M. Andrew Sanford

The Ethical Dimensions of Water Usage and Aquatic Invasive Species in the Great Lakes Ecosystem

In The Land Ethic, Aldo Leopold argues that in order to have effective ecology and conservation programs we must begin to recognize the land and natural environment as having ethical value. He asks us to add the land to our list of morally considerable entities. There will always be economic concerns that impact environmental decision-making but Leopold asks that economic considerations should not be the driving force of decisions related to the environment.
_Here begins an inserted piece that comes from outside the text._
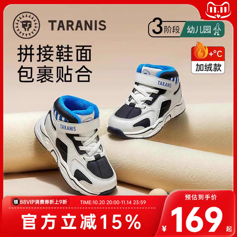 泰兰尼斯儿童板鞋冬季新款加绒保暖运动鞋女小童舒适男孩休闲童鞋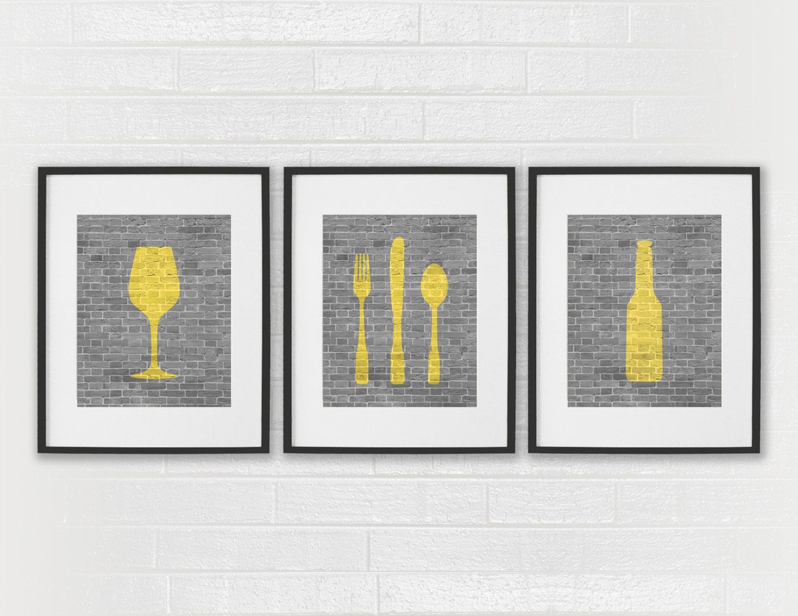 10% coupon applied at checkout save 10% with coupon. Minted's dining room art collection. This piece of wall art for example, features a yellow background, with a black dog. Many years ago, long before i began blogging, i had the walls in my dining room papered in a pretty, yellow and blue (with touches of raspberry red) wallpaper. Elegant golden living room wall decor.

What is the value in ecosystems? How is value determined? Is there intrinsic value in the Great Lakes Basin? The economic value of the Great Lakes is well known. This economic value can be found in all of the commercial and recreational uses of the Great Lakes. However the intrinsic value of the Great Lakes as a unique ecosystem does not seem to be as well known. It seems clear that the intrinsic value of the Great Lakes can be affected by the economic use of these inland seas. At the same time the economic viability can be affected by measures taken to protect the intrinsic value. The search for or development of an understanding of intrinsic value is a complex philosophical inquiry. Australian philosopher Peter Singer argues that sentience is a necessary characteristic of something we recognize as having value. But this does not seem to help us when we realize that ecosystems, in our case the Great Lakes Basin, do not have sentience.  Our ethical relation to, and the value we discover in the Great Lakes is critical to addressing environmental threats that face this unique ecosystem.  Leopold recognizes as valuable the natural environment and suggests that we must preserve the integrity, stability, and beauty of the biotic community.  I am investigating the meaning of Leopold’s suggestion and using it to illustrate and illuminate questions of how we should understand and respond to the coming of invasive species in the Great Lakes and to some questions of water usage.